YOUR INSTRUCTIONS = Beginning with the line that contains "В доме три спальни: 10, 13" in the material below, print each line exactly until the line that contains "183، والأشباه والنظائر." has been printed, then stop.

DATASET EXTRACT =
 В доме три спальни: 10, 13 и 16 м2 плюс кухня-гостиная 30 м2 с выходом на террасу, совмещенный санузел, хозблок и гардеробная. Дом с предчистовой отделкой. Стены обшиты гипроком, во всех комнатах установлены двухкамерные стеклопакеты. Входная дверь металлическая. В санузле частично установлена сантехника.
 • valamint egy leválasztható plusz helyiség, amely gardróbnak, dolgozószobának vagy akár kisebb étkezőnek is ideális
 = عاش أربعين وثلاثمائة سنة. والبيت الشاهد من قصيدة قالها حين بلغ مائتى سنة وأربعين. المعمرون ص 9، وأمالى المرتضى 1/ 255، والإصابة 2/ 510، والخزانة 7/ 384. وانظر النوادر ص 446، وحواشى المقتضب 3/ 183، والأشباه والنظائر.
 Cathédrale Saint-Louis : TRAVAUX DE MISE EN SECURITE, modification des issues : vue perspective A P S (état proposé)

--

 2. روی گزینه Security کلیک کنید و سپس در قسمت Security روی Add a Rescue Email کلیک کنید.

YOUR SOLUTION =
 В доме три спальни: 10, 13 и 16 м2 плюс кухня-гостиная 30 м2 с выходом на террасу, совмещенный санузел, хозблок и гардеробная. Дом с предчистовой отделкой. Стены обшиты гипроком, во всех комнатах установлены двухкамерные стеклопакеты. Входная дверь металлическая. В санузле частично установлена сантехника.
 • valamint egy leválasztható plusz helyiség, amely gardróbnak, dolgozószobának vagy akár kisebb étkezőnek is ideális
 = عاش أربعين وثلاثمائة سنة. والبيت الشاهد من قصيدة قالها حين بلغ مائتى سنة وأربعين. المعمرون ص 9، وأمالى المرتضى 1/ 255، والإصابة 2/ 510، والخزانة 7/ 384. وانظر النوادر ص 446، وحواشى المقتضب 3/ 183، والأشباه والنظائر.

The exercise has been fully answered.